Why the hell would you buy a company and then screw it up? In the case of Ballast Point, all Constellation Brands had to do was leave the bought company alone.
And, no, I don't believe that the issue is because you can buy great beers in every market. Hogwash. Maybe I can buy IPA, IPAer, IPAest, and IPAestest in every market--maybe. However, dark, heavy porters like old school Victory at Sea seem to be very thin on the ground nowadays.
(Side question: Why is everything in craft brew now shipping in cans instead of bottles? When did that happen?)
My understanding is also that canning lines can be a lot more compact than bottling lines, so cheaper/easier to install in a smaller brewery. For a while, I know there were a couple local breweries who essentially time-shared a canning line on the back of a truck that would just drive between the breweries and was cheaper than all of them buying it themselves.
>- They weigh less and are more compact than bottles
This is the real key one. My intel from a brewery that was sadly bought by Coke was that the savings in transit & shipping is staggering. More beverages in the same amount of space, which also means less costs for refrigeration.
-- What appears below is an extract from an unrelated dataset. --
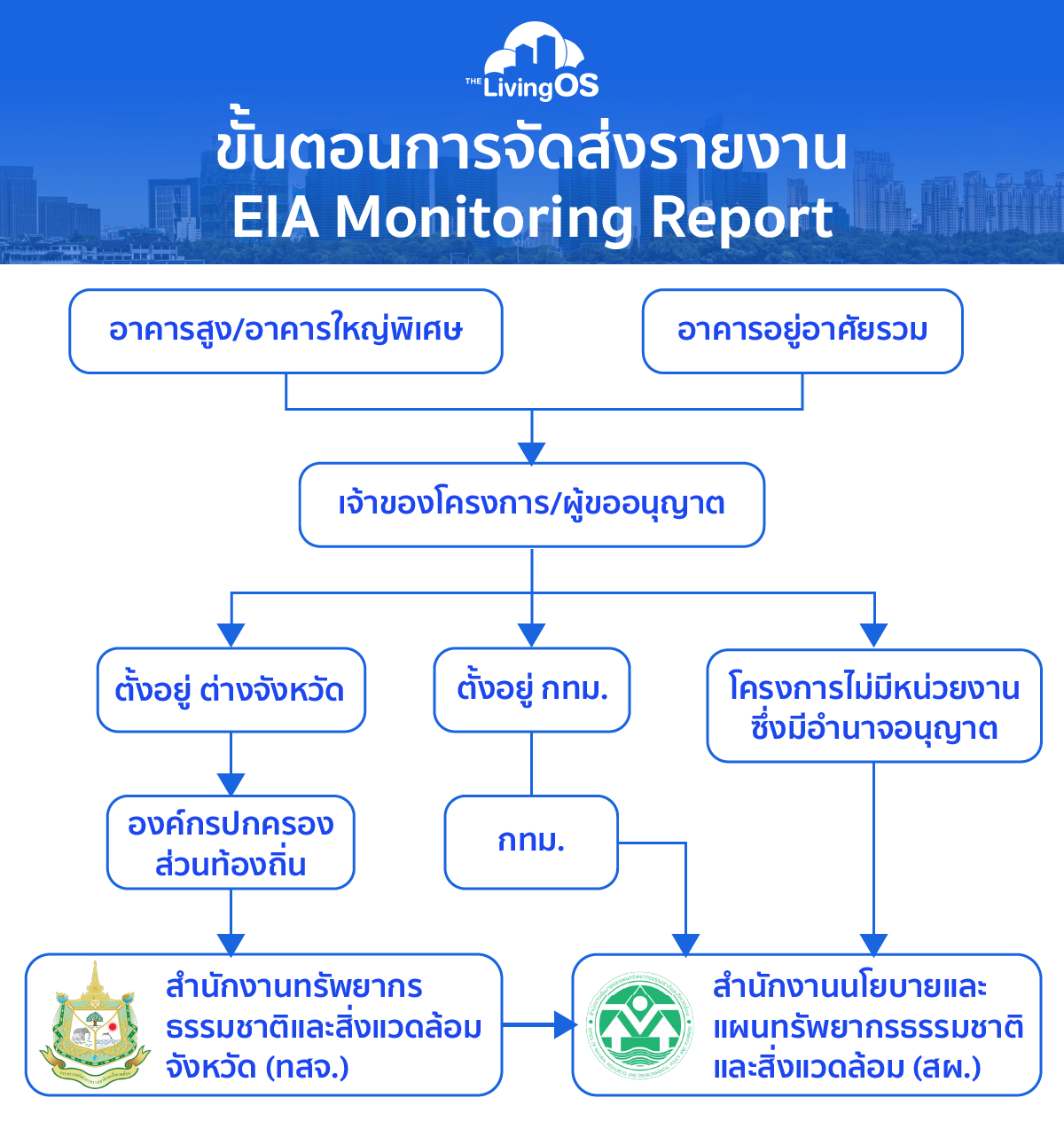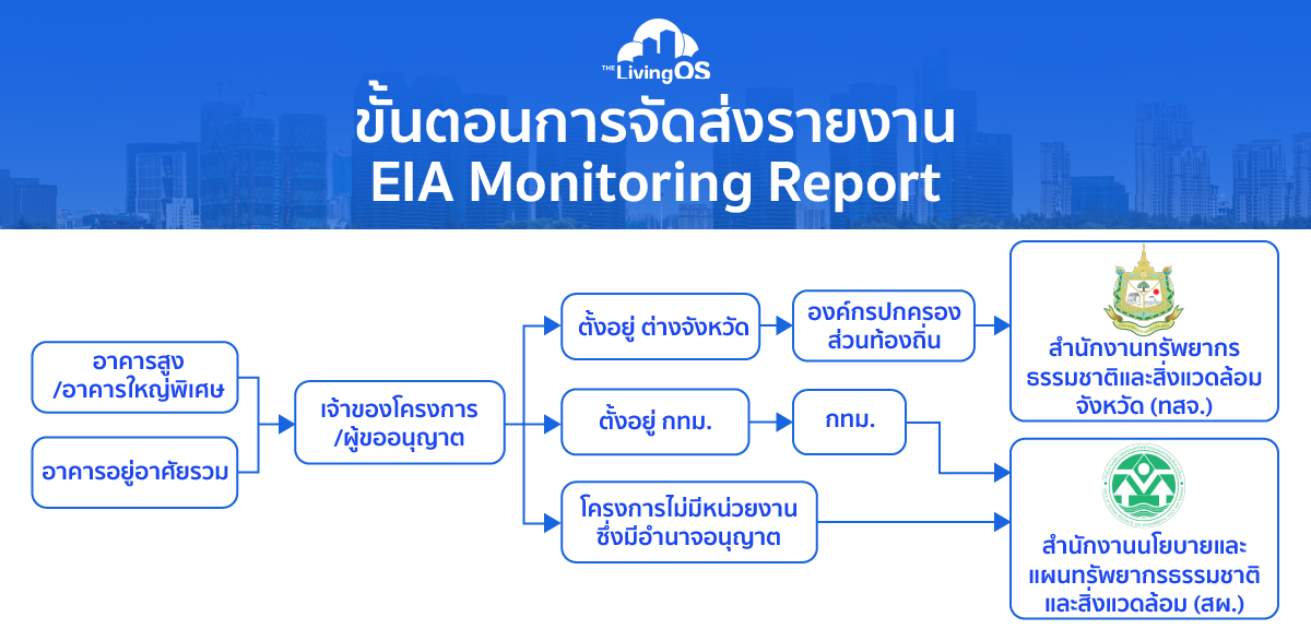 ‘การจัดทำรายงานและติดตามผลการปฏิบัติตามมาตรการป้องกันและแก้ไขผลกระทบสิ่งแวดล้อม’ ของโครงการอาคารหรือคอนโดที่กำลังเข้าสู่ขั้นตอนการก่อสร้างและดำเนินการ ซึ่งจะต้องมีการจัดทำรายงานการปฏิบัติตามมาตรการป้องกันที่ได้มีการระบุไว้ใน EIA (Environment Impact Assessment) ก่อนที่โครงการอาคารหรือคอนโด จะอยู่ในขั้นตอนการก่อสร้างและดำเนินการ และนำส่งรายงาน (EIA Monitoring Report) ให้กับสำนักงานนโยบายและแผนทรัพยากรธรรมชาติและสิ่งแวดล้อม (สผ.) เพื่อให้ทางหน่วยงานได้พิจารณาต่อไป

> I can buy IPA, IPAer, IPAest, and IPAestest in every market--maybe. However, dark, heavy porters
I'm totally with you, though my personal love is sour beers. IPA rules the market, to the point where I have trouble distinguishing between whichever super-hoppy IPA is currently the best. But good sour beers are not nearly so common. If someone ever buys Cascade Brewing and kills it, I will be wildly irritated.
I do see that I can buy their good stuff in cans now. I actually think that's alright. They still sell it in bottles, too, but the upside of the can is that it's 250ml, versus the 750ml bottle. One bottle will take care of my entire evening and then some, so the option to just open a can at a time is appealing.
There's a bunch of Minnesota breweries doing some amazing sours, and many of them are only around for a season or two before they switch up the fruits. I'm so happy about it because I was totally burnt out on IPAs.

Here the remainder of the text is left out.